__EXERCISE GOAL__: Repeat every line below exactly, word for word.

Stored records
*****
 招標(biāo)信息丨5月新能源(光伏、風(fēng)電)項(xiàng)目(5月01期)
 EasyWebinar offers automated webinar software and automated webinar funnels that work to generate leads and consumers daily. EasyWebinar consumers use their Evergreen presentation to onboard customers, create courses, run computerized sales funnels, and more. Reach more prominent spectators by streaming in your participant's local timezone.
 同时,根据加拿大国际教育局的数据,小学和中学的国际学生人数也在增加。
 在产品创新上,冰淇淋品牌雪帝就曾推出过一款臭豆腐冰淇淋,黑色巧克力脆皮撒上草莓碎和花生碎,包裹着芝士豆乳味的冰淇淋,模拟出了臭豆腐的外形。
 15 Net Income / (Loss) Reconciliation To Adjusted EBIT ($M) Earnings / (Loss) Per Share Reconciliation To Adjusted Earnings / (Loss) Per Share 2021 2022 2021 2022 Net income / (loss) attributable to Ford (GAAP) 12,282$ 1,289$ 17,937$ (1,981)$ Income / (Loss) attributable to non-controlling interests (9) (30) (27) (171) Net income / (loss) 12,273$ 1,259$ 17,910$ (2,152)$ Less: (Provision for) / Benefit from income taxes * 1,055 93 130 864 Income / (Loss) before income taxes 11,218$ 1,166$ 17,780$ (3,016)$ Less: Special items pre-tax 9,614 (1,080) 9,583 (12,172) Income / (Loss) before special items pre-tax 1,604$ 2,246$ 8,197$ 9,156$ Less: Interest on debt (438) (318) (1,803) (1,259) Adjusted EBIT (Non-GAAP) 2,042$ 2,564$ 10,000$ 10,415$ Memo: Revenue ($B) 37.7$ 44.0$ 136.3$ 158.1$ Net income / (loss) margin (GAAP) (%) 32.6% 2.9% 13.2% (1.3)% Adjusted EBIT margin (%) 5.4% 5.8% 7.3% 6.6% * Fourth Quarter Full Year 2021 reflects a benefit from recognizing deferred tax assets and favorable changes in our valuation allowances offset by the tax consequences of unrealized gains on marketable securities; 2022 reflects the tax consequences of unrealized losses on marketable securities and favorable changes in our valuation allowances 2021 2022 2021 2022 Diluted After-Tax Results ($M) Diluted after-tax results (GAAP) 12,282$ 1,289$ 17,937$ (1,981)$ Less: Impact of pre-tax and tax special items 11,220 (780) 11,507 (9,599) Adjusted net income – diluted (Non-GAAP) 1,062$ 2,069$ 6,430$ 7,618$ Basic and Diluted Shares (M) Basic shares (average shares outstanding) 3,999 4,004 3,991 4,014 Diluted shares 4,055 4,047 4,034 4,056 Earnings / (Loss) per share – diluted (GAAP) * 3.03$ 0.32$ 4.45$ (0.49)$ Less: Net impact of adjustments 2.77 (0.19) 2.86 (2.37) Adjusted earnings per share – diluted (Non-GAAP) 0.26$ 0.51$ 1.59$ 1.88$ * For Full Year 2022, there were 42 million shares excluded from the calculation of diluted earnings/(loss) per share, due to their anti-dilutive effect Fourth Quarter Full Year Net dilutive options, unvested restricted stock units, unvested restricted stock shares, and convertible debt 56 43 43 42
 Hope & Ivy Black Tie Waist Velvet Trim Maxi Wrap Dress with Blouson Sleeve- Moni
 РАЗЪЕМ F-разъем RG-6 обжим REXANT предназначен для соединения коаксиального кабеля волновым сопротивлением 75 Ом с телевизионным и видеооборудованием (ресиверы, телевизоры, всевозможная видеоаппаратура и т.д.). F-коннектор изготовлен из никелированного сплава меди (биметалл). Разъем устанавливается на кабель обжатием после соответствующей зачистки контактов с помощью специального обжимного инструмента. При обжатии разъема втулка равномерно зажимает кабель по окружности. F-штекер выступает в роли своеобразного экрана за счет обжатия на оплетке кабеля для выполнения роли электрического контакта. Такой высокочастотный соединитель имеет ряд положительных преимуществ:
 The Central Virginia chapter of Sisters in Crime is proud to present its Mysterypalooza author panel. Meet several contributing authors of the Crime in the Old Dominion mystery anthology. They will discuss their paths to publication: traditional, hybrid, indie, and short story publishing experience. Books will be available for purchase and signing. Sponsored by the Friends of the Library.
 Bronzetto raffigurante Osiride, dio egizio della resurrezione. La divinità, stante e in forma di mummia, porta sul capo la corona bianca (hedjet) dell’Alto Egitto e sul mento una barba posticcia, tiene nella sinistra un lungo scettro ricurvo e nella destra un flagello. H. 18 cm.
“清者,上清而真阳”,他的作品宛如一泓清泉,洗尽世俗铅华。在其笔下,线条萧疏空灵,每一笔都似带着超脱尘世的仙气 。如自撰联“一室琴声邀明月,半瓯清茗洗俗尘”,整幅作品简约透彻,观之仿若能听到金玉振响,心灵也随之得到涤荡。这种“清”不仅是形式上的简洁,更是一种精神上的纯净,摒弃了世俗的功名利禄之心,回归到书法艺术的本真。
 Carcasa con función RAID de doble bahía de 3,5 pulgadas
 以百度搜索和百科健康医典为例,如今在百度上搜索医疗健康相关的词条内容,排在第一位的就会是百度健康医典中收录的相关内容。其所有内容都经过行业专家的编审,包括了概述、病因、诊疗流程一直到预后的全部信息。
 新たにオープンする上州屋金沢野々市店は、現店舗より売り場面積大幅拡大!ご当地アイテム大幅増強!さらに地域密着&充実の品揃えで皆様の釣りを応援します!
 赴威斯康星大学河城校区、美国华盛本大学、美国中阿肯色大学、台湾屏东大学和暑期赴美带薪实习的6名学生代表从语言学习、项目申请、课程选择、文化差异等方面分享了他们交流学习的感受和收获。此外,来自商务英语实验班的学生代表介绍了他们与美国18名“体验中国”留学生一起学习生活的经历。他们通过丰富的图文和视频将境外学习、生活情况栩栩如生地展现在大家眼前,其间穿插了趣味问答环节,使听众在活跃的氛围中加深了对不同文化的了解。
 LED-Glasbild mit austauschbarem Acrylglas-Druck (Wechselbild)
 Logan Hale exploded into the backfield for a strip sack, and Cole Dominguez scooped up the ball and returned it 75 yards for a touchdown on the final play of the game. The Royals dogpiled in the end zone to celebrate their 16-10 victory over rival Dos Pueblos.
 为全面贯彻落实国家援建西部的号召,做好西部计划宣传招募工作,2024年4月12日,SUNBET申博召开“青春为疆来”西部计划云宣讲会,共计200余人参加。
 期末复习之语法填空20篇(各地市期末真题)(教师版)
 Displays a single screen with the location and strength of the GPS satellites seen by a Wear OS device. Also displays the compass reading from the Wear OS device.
*****
__SOLUTION FOR THIS TASK__:
 招標(biāo)信息丨5月新能源(光伏、風(fēng)電)項(xiàng)目(5月01期)
 EasyWebinar offers automated webinar software and automated webinar funnels that work to generate leads and consumers daily. EasyWebinar consumers use their Evergreen presentation to onboard customers, create courses, run computerized sales funnels, and more. Reach more prominent spectators by streaming in your participant's local timezone.
 同时,根据加拿大国际教育局的数据,小学和中学的国际学生人数也在增加。
 在产品创新上,冰淇淋品牌雪帝就曾推出过一款臭豆腐冰淇淋,黑色巧克力脆皮撒上草莓碎和花生碎,包裹着芝士豆乳味的冰淇淋,模拟出了臭豆腐的外形。
 15 Net Income / (Loss) Reconciliation To Adjusted EBIT ($M) Earnings / (Loss) Per Share Reconciliation To Adjusted Earnings / (Loss) Per Share 2021 2022 2021 2022 Net income / (loss) attributable to Ford (GAAP) 12,282$ 1,289$ 17,937$ (1,981)$ Income / (Loss) attributable to non-controlling interests (9) (30) (27) (171) Net income / (loss) 12,273$ 1,259$ 17,910$ (2,152)$ Less: (Provision for) / Benefit from income taxes * 1,055 93 130 864 Income / (Loss) before income taxes 11,218$ 1,166$ 17,780$ (3,016)$ Less: Special items pre-tax 9,614 (1,080) 9,583 (12,172) Income / (Loss) before special items pre-tax 1,604$ 2,246$ 8,197$ 9,156$ Less: Interest on debt (438) (318) (1,803) (1,259) Adjusted EBIT (Non-GAAP) 2,042$ 2,564$ 10,000$ 10,415$ Memo: Revenue ($B) 37.7$ 44.0$ 136.3$ 158.1$ Net income / (loss) margin (GAAP) (%) 32.6% 2.9% 13.2% (1.3)% Adjusted EBIT margin (%) 5.4% 5.8% 7.3% 6.6% * Fourth Quarter Full Year 2021 reflects a benefit from recognizing deferred tax assets and favorable changes in our valuation allowances offset by the tax consequences of unrealized gains on marketable securities; 2022 reflects the tax consequences of unrealized losses on marketable securities and favorable changes in our valuation allowances 2021 2022 2021 2022 Diluted After-Tax Results ($M) Diluted after-tax results (GAAP) 12,282$ 1,289$ 17,937$ (1,981)$ Less: Impact of pre-tax and tax special items 11,220 (780) 11,507 (9,599) Adjusted net income – diluted (Non-GAAP) 1,062$ 2,069$ 6,430$ 7,618$ Basic and Diluted Shares (M) Basic shares (average shares outstanding) 3,999 4,004 3,991 4,014 Diluted shares 4,055 4,047 4,034 4,056 Earnings / (Loss) per share – diluted (GAAP) * 3.03$ 0.32$ 4.45$ (0.49)$ Less: Net impact of adjustments 2.77 (0.19) 2.86 (2.37) Adjusted earnings per share – diluted (Non-GAAP) 0.26$ 0.51$ 1.59$ 1.88$ * For Full Year 2022, there were 42 million shares excluded from the calculation of diluted earnings/(loss) per share, due to their anti-dilutive effect Fourth Quarter Full Year Net dilutive options, unvested restricted stock units, unvested restricted stock shares, and convertible debt 56 43 43 42
 Hope & Ivy Black Tie Waist Velvet Trim Maxi Wrap Dress with Blouson Sleeve- Moni
 РАЗЪЕМ F-разъем RG-6 обжим REXANT предназначен для соединения коаксиального кабеля волновым сопротивлением 75 Ом с телевизионным и видеооборудованием (ресиверы, телевизоры, всевозможная видеоаппаратура и т.д.). F-коннектор изготовлен из никелированного сплава меди (биметалл). Разъем устанавливается на кабель обжатием после соответствующей зачистки контактов с помощью специального обжимного инструмента. При обжатии разъема втулка равномерно зажимает кабель по окружности. F-штекер выступает в роли своеобразного экрана за счет обжатия на оплетке кабеля для выполнения роли электрического контакта. Такой высокочастотный соединитель имеет ряд положительных преимуществ:
 The Central Virginia chapter of Sisters in Crime is proud to present its Mysterypalooza author panel. Meet several contributing authors of the Crime in the Old Dominion mystery anthology. They will discuss their paths to publication: traditional, hybrid, indie, and short story publishing experience. Books will be available for purchase and signing. Sponsored by the Friends of the Library.
 Bronzetto raffigurante Osiride, dio egizio della resurrezione. La divinità, stante e in forma di mummia, porta sul capo la corona bianca (hedjet) dell’Alto Egitto e sul mento una barba posticcia, tiene nella sinistra un lungo scettro ricurvo e nella destra un flagello. H. 18 cm.
“清者,上清而真阳”,他的作品宛如一泓清泉,洗尽世俗铅华。在其笔下,线条萧疏空灵,每一笔都似带着超脱尘世的仙气 。如自撰联“一室琴声邀明月,半瓯清茗洗俗尘”,整幅作品简约透彻,观之仿若能听到金玉振响,心灵也随之得到涤荡。这种“清”不仅是形式上的简洁,更是一种精神上的纯净,摒弃了世俗的功名利禄之心,回归到书法艺术的本真。
 Carcasa con función RAID de doble bahía de 3,5 pulgadas
 以百度搜索和百科健康医典为例,如今在百度上搜索医疗健康相关的词条内容,排在第一位的就会是百度健康医典中收录的相关内容。其所有内容都经过行业专家的编审,包括了概述、病因、诊疗流程一直到预后的全部信息。
 新たにオープンする上州屋金沢野々市店は、現店舗より売り場面積大幅拡大!ご当地アイテム大幅増強!さらに地域密着&充実の品揃えで皆様の釣りを応援します!
 赴威斯康星大学河城校区、美国华盛本大学、美国中阿肯色大学、台湾屏东大学和暑期赴美带薪实习的6名学生代表从语言学习、项目申请、课程选择、文化差异等方面分享了他们交流学习的感受和收获。此外,来自商务英语实验班的学生代表介绍了他们与美国18名“体验中国”留学生一起学习生活的经历。他们通过丰富的图文和视频将境外学习、生活情况栩栩如生地展现在大家眼前,其间穿插了趣味问答环节,使听众在活跃的氛围中加深了对不同文化的了解。
 LED-Glasbild mit austauschbarem Acrylglas-Druck (Wechselbild)
 Logan Hale exploded into the backfield for a strip sack, and Cole Dominguez scooped up the ball and returned it 75 yards for a touchdown on the final play of the game. The Royals dogpiled in the end zone to celebrate their 16-10 victory over rival Dos Pueblos.
 为全面贯彻落实国家援建西部的号召,做好西部计划宣传招募工作,2024年4月12日,SUNBET申博召开“青春为疆来”西部计划云宣讲会,共计200余人参加。
 期末复习之语法填空20篇(各地市期末真题)(教师版)
 Displays a single screen with the location and strength of the GPS satellites seen by a Wear OS device. Also displays the compass reading from the Wear OS device.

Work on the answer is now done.